Personal details
- Born: 29 June 1909 Prague, Austria-Hungary
- Died: 5 March 1953 (aged 43) Munich, West Germany
- Cause of death: Poisoned by KGB
- Party: Independent Workers' Party of Germany
- Parent: Hugo Salus (father);

= Wolfgang Salus =

Wolfgang Václav Salus (29 June 1909, Prague – 5 March 1953, Munich) was a Czechoslovak Trotskyist and poet of German descent. He was assassinated in an operation carried out by the MGB of the USSR.

== Biography ==
He was born into the family of the physician and writer Hugo Salus and was friends with the ethnographer and poet Franz Baermann Steiner. In 1924, he joined the Young Communist League, and in 1927, he visited Moscow as a delegate for communist youth. There, he made contact with the Left Opposition.
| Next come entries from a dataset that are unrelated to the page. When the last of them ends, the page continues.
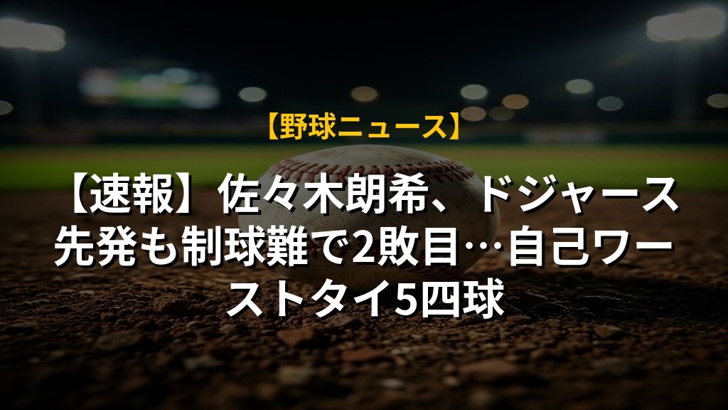 【速報】佐々木朗希、ドジャース先発も制球難で2敗目…自己ワーストタイ5四球
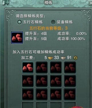 3、6级石头:1个五级石头+3个五级石头=1个六级石头(共消耗4个五级石头),每个加工费22.4899金,每个消耗精力5点;
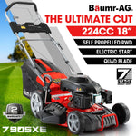 The self-propelled Baumr-AG 790SXe lawn mower offers powerful, easy mowing with its 18" cutting width and big 224cc 4-stroke engine delivering a massive 6.0 horsepower. The electric start, powered by a 20V Li-ion battery, lets you begin with a button push. Built with a tough steel deck, all-terrain wheels and self-propelled design, it navigates smoothly over any surface, especially on large or sloping blocks.
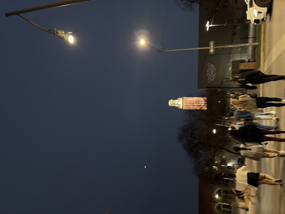 The image depicts a nighttime urban scene in Austin, Texas, United States of America, specifically near the University of Texas at Austin campus
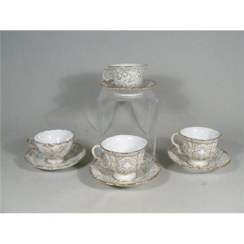 Group of Four Meissen Cups and Saucers, 19th c. - Porcelain with relief molded gilt designs, two cups with quatrefoil and cartouche design, 3"h; one cup with flowers and leaves, 2.75"h; one cup with molded leaves, 2.5"h; three saucers with relief molded leaves, 6"d; one saucer with fan and leaf design, 5-7/8"d. All but the fan and leaf saucer bear the marks for Meissen factory seconds, cup with molded leaves has three base chips, roughness to interior glaze of the flower and leaf cup.
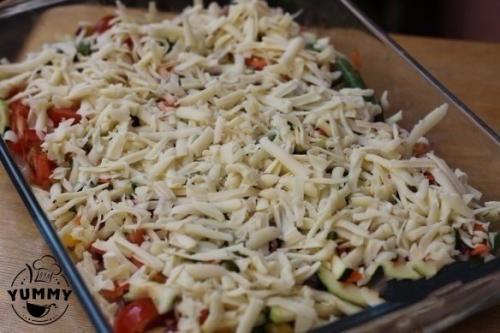 Помидоры черри режем на четвертинки. Можно использовать обычные помидоры. Все нарезанные ингредиенты перемешиваем. Добавляем к ним стручковую фасоль. Я использовала замороженную, перед добавлением промыла ее под холодной водой. Овощи немного солим, перемешиваем хорошо и выкладываем на куриное Филе. Посыпаем все тертым сыром и добавляем по краю немного воды. Ставим в разогретую духовку до 200 с градусов и запекаем минут 40 или до готовности. Приятного аппетита!

From 1929 to 1933, he worked as a secretary to Leon Trotsky on the Turkish island of Büyükada; later, he served as the chairman of the Trotskyist group in Prague and as an editor of the journal Iskra. Following the occupation of Czechoslovakia, the Nazis sent him to the Auschwitz and Buchenwald concentration camps, but he managed to survive.

In 1948, after the Communists came to power in Czechoslovakia, he left the country and helped establish the German section of the Fourth International in Munich. In 1951, he participated in founding the Independent Workers' Party of Germany—a left-socialist party that supported Titoist Yugoslavia.

On February 13, 1953, he was poisoned in Munich with a slow-acting toxin; he died during the night of March 4–5, 1953, and pneumonia was initially presumed to be the cause of death. The perpetrator was Otto Freitag, a former Nazi officer, who allegedly stepped on Zalus's foot by accident using a shoe fitted with a poisoned spike. The CPSU leadership—Georgy Malenkov, Lavrentiy Beria, Vyachezlav Molotov, Nikolai Bulganin, and Nikita Khrushchev—was informed in detail about this assassination. A report by S. D. Ignatyev dated March 8, 1953 (No. 951/I), stated that Zalus had been poisoned by an MGB agent who administered a special substance that caused death after 10–12 days. "The poisoning of Zalus aroused no suspicion on the part of the adversary," the report wrote. It was not until 1992 that an investigation by journalist Natalia Gevorkyan revealed the true circumstances of his death.